Fractal Analytics Limited
- Type: Public
- Traded as: NSE: FRACTAL BSE: 544700
- Industry: Artificial intelligence
- Founded: 2000
- Founders: Srikanth Velamakanni; Pranay Agrawal;
- Headquarters: Mumbai, India; New York City, United States;
- Area served: Worldwide
- Revenue: ₹2,765 crore (US$290 million) (FY25)
- Net income: ₹221 crore (US$23 million) (FY25)
- Number of employees: 4,600 (May 2024)
- Website: fractal.ai

= Fractal Analytics =

Multinational artificial intelligence company

Fractal Analytics Limited, trading as Fractal, is an Indian multinational artificial intelligence and data analytics company. The company has dual headquarters in Mumbai and New York City.

== History ==
Fractal Analytics was founded in 2000 in Mumbai by Srikanth Velamakanni, Pranay Agrawal, Nirmal Palaparthi, Pradeep Suryanarayan and Ramakrishna Reddy. It later moved to the US in 2005. In 2015, it acquired Imagna Analytics and Mobius Innovations.

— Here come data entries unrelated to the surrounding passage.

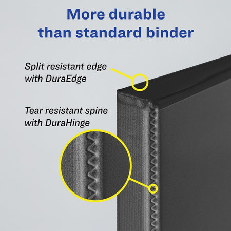 The DuraHinge design of this binder is engineered to be stronger and more durable, making it resistant to tearing and ensuring a longer lifespan. Additionally, the DuraEdge feature enhances the flexibility of the sides and top, preventing splitting and maintaining the binder's integrity over time.
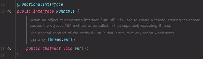대표적인 함수형 인터페이스로 얼마전에 배운 Runnable 인터페이스가 있습니다.
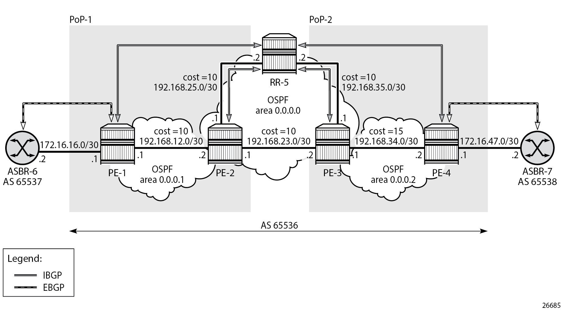 OSPF as IGP on all interfaces within AS 65536, with multiple non-backbone areas (alternatively, IS-IS can be used), and traffic engineering enabled
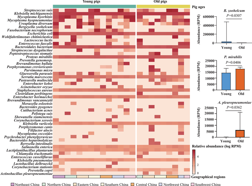 热图显示猪肺中不同细菌种类的相对丰度,相对丰度值用对数RPM表示。用柱状图显示老龄猪和幼龄猪肺中动物性贝氏杆菌、奇异变形杆菌和胸膜肺炎放线杆菌的丰度。P值是通过曼-惠特尼U试验确定的,以进行组间多次比较。数据表示平均值土标准差。
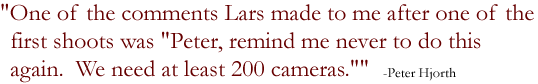 Hjorth: One of the comments Lars made to me after one of the first shoots was "Peter, remind me never to do this again. We need at least 200 cameras."

In 2016, Fractal Analytics appointed Pranay Agrawal as the CEO to replace co-founder Srikanth Velamakanni, the new Group Chief Executive and Executive Vice-Chairman. It also created two new subsidiaries Qure.ai and Cuddle.ai.

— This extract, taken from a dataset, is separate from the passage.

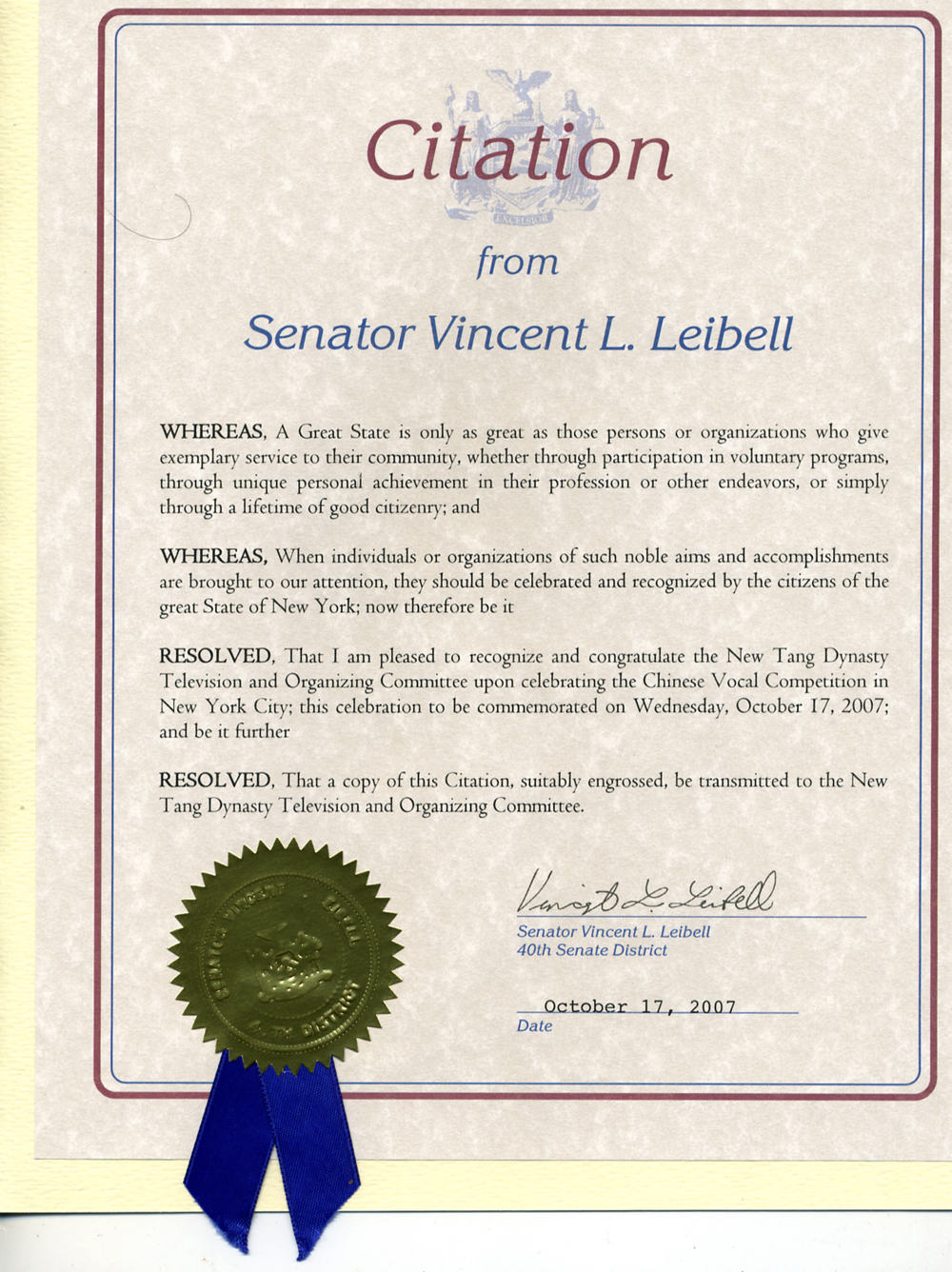 (1118KB)纽约参议员雷贝尔嘉奖全世界华人声乐大赛 (2007-10-17发表)

In August 2016, Fractal Analytics partnered with KNIME, an open source data analytics platform. In June 2017, the company acquired Chicago-based strategy & analytics firm, 4i Inc. In September 2017, it partnered with Final Mile to combine data science with behavioral science In March 2018, Fractal Analytics acquired behavioural architecture company Final Mile. In January 2019, Fractal received a $200 million funding from Apax Partners.

In January 2022, Fractal became a unicorn company after raising $360 million from private equity firm TPG.

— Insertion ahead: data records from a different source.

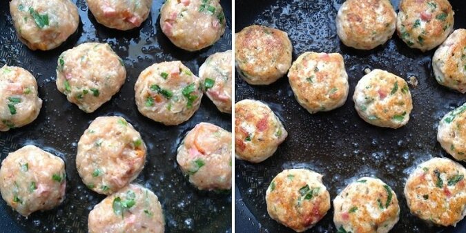 Na patelni rozgrzej oliwę, a następnie dodaj do niej masło. Z mięsa mielonego przygotuj kotleciki wielkości orzecha włoskiego. Smaż je z każdej strony przez 3-4 minuty.
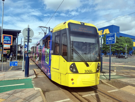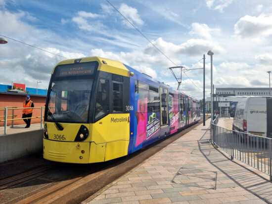 The longest advertising contract on Manchester Metrolink has come to an end with 3066 losing its long-standing vinyls for the Clean Air Manchester campaign. But its not a return to fleet livery for the tram as those vinyls have been replaced by a new advert for Hits Radio – no stranger to advertising on Metrolink having previously had an advert on 3103.
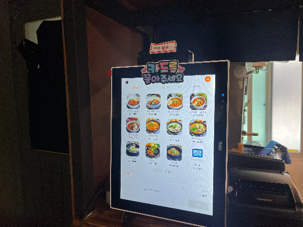 먼저 키오스크에서 메뉴를 정하고 선결제를 해야 합니다. 저희는 로제찜닭(순살)과 사골고기국수로 정했습니다. 1인세트 메뉴에는 튀김만두가 추가되어있으니 사이드 메뉴로도 좋은 것 같습니다.
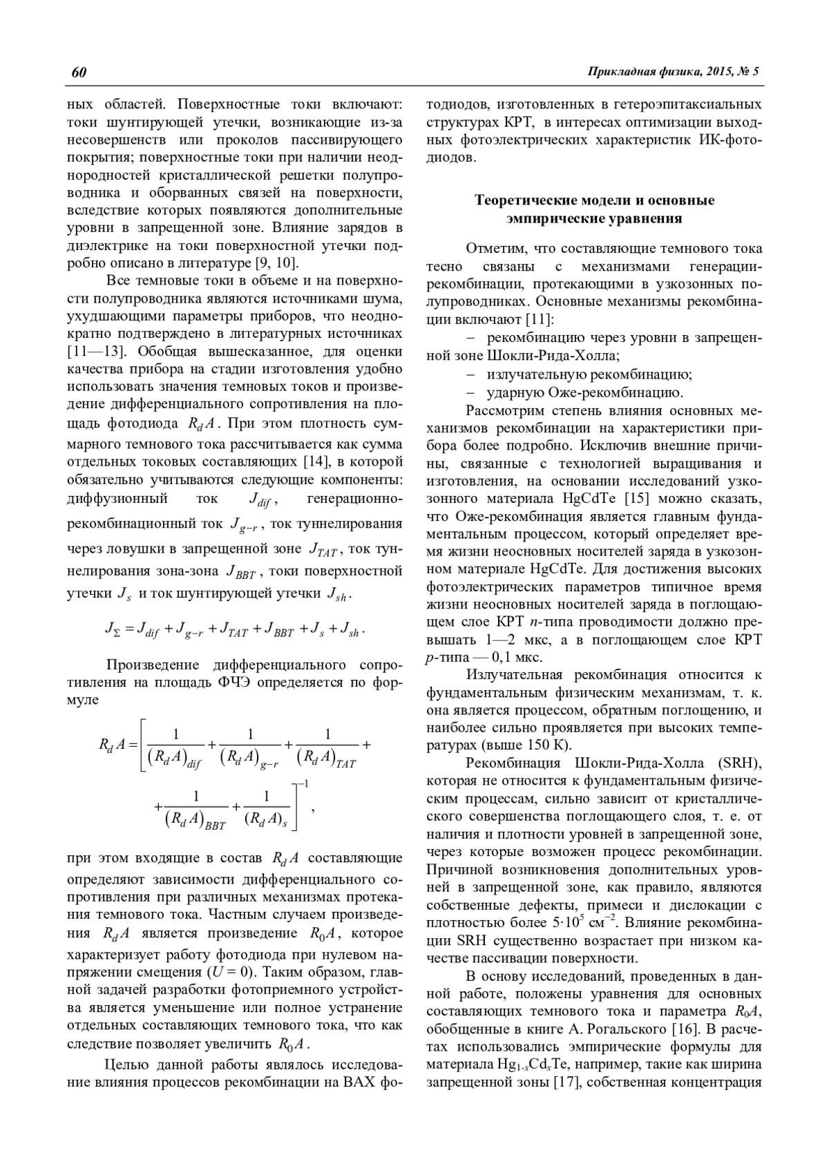 Рассмотрено влияние процессов рекомбинации на вольт-амперные характеристики фотодиодов, изготовленных в узкозонных полупроводниковых материалах. Приведены основные эмпирические зависимости для темновых токов и произведения R0A для фотодиодов на основе тройных соединений кадмий-ртуть-теллур.

In February 2026, Fractal Analytics held an initial public offering aggregating about ₹2834 crore, which was subscribed 2.66 times. Described as the first Indian artificial intelligence company to go public, its shares were listed on the National Stock Exchange of India and Bombay Stock Exchange on 16 February 2026, debuting at a discount to the issue price.